## Task instructions
From the entries below, reproduce exactly the lines from the one with "Embossed logos and" through the one with "客服告知陈女士银行卡号填写错", both included, without images.

## Data provided

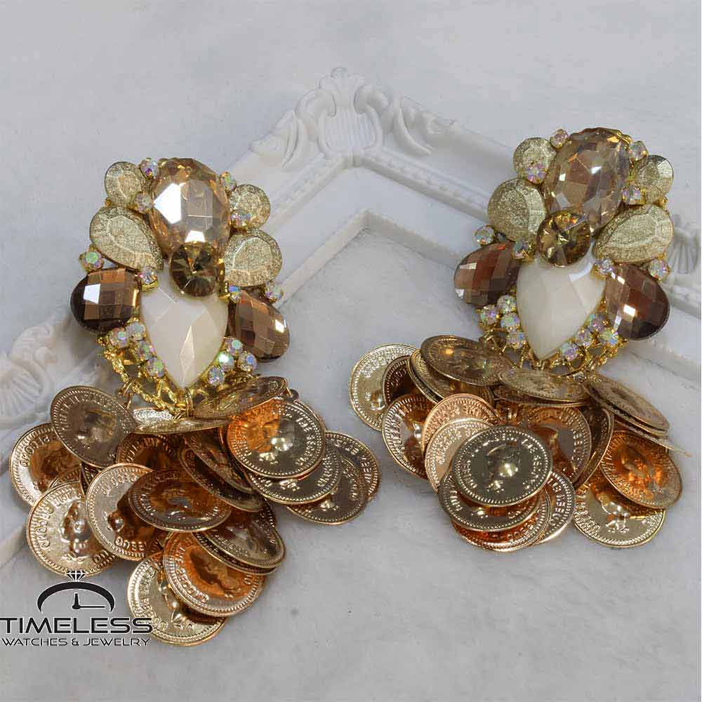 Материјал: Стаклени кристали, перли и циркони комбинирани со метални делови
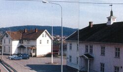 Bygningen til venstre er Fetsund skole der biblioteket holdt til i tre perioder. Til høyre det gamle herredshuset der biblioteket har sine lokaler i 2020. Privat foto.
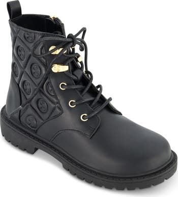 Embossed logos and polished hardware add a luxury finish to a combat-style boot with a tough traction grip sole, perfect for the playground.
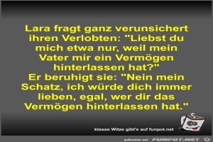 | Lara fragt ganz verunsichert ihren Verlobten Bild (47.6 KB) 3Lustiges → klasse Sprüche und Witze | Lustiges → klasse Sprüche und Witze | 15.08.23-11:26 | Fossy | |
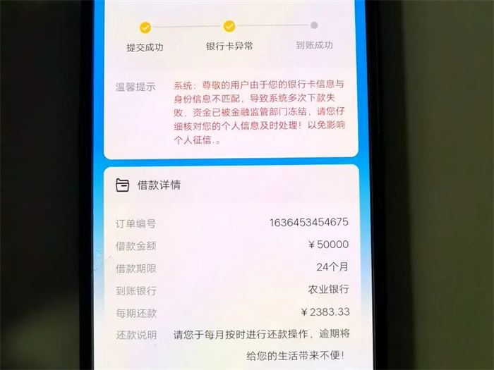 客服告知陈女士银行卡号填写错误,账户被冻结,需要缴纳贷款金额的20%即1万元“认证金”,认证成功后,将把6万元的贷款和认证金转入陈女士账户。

...

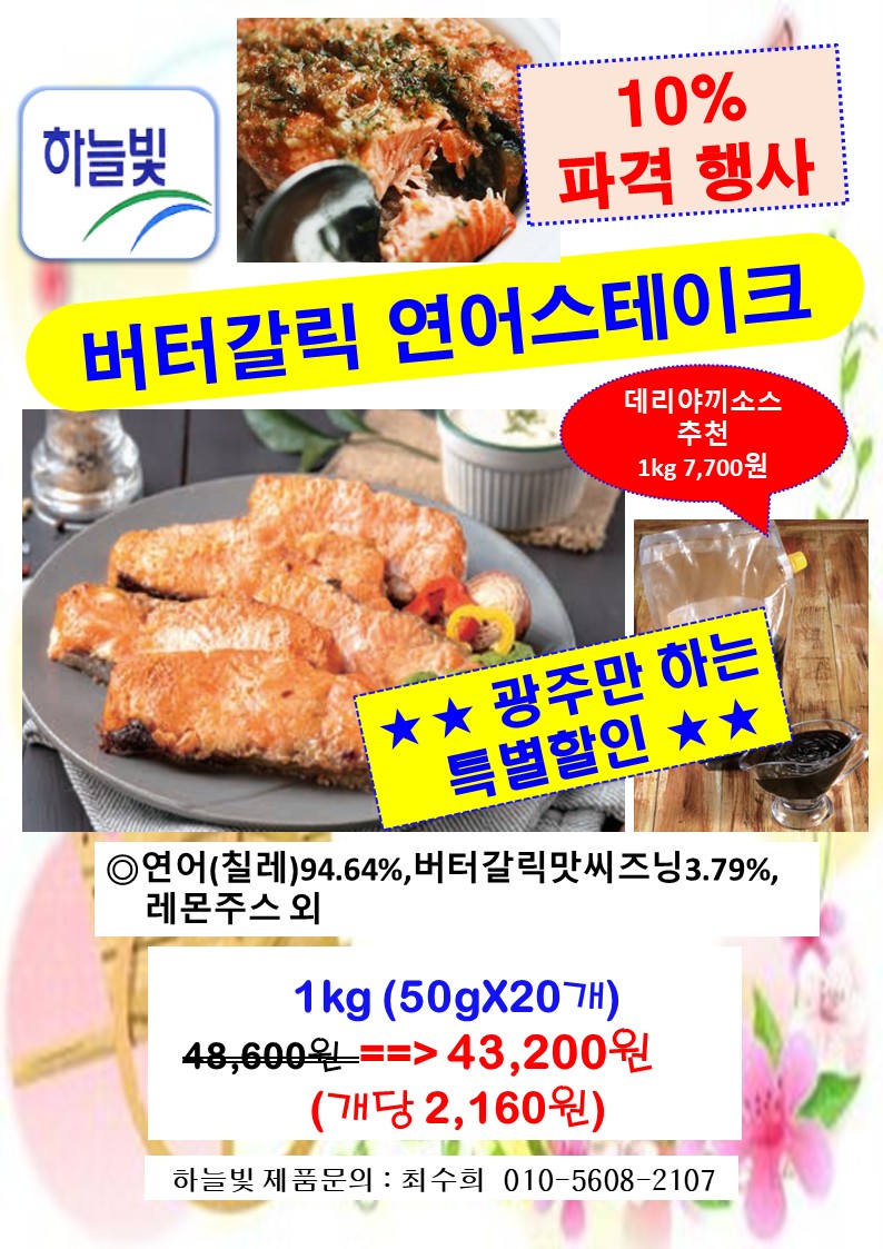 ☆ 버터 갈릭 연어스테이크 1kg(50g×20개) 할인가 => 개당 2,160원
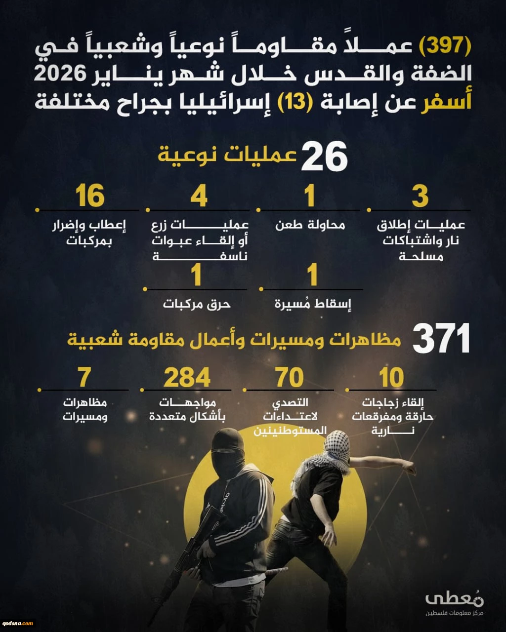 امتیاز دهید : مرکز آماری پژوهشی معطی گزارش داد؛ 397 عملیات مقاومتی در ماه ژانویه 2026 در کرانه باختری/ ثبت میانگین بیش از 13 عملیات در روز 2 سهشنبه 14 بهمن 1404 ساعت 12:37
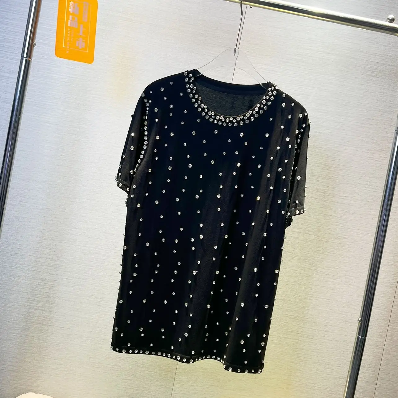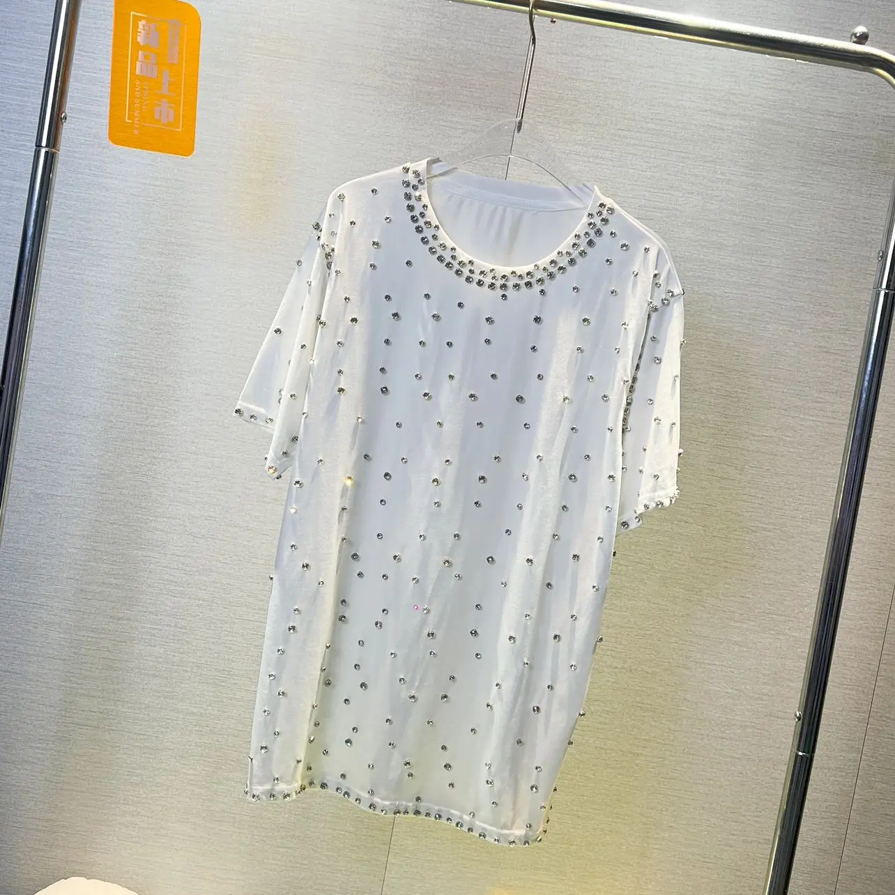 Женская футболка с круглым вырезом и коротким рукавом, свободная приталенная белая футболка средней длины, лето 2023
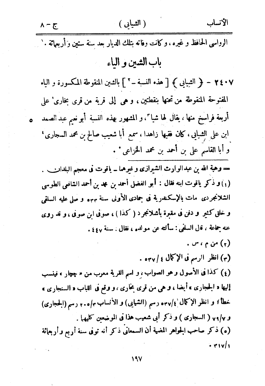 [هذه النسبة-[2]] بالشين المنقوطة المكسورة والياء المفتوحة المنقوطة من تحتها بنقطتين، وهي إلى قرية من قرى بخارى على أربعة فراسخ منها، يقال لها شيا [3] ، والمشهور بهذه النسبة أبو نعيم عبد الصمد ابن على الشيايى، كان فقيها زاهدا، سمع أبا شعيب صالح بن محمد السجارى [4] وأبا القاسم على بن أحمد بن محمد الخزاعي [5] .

---

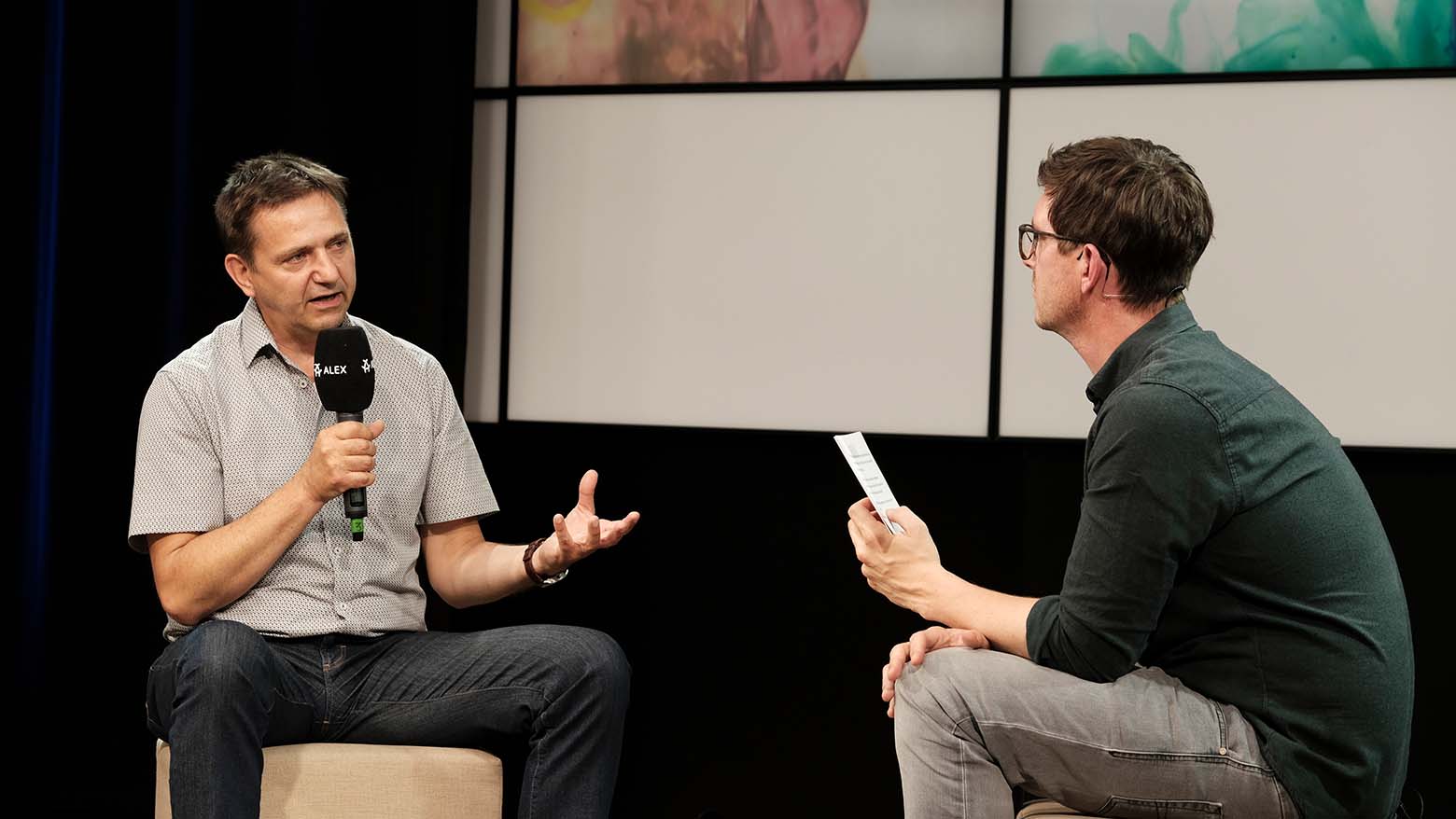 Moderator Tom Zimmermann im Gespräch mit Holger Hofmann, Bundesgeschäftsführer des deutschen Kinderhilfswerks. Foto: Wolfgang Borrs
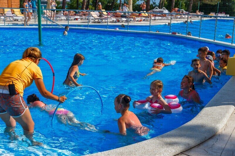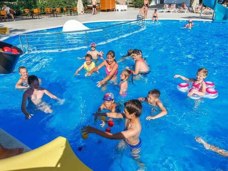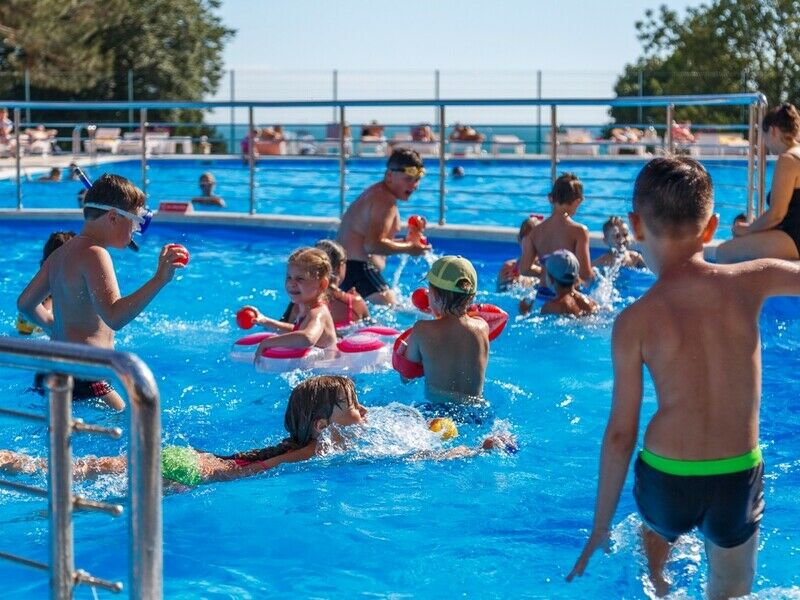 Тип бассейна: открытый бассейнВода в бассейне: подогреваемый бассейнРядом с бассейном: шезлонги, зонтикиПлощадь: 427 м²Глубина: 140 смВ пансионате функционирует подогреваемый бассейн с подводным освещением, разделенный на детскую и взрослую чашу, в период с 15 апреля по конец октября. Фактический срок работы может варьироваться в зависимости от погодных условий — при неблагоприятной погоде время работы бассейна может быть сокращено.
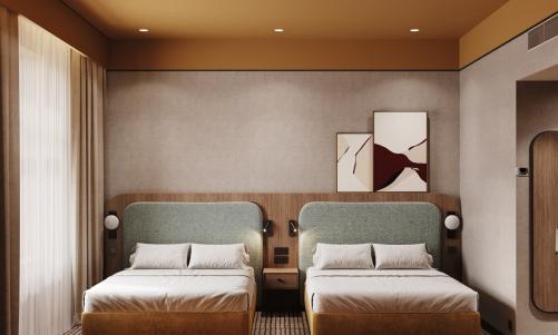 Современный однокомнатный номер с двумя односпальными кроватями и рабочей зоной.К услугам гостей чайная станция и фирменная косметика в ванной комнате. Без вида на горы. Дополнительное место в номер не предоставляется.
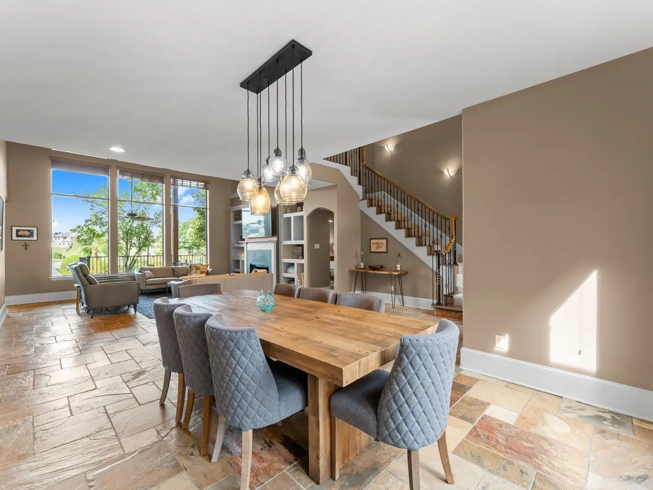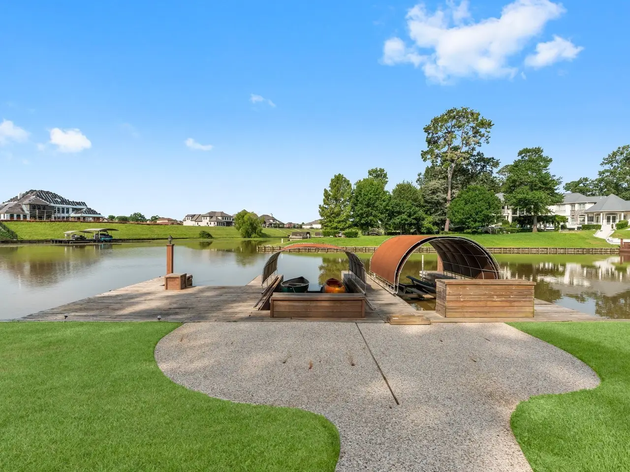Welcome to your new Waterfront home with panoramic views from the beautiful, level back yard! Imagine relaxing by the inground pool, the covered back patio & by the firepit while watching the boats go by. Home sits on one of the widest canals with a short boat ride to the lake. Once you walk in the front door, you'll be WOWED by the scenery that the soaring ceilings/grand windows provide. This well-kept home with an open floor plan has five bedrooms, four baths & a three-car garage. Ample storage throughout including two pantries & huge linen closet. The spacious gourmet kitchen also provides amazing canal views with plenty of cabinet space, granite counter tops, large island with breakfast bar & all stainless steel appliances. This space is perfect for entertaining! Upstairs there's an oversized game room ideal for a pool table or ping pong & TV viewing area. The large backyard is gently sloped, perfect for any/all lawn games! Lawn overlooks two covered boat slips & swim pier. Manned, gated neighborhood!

## Output for this exercise
 Embossed logos and polished hardware add a luxury finish to a combat-style boot with a tough traction grip sole, perfect for the playground.
 | Lara fragt ganz verunsichert ihren Verlobten Bild (47.6 KB) 3Lustiges → klasse Sprüche und Witze | Lustiges → klasse Sprüche und Witze | 15.08.23-11:26 | Fossy | |
 客服告知陈女士银行卡号填写错误,账户被冻结,需要缴纳贷款金额的20%即1万元“认证金”,认证成功后,将把6万元的贷款和认证金转入陈女士账户。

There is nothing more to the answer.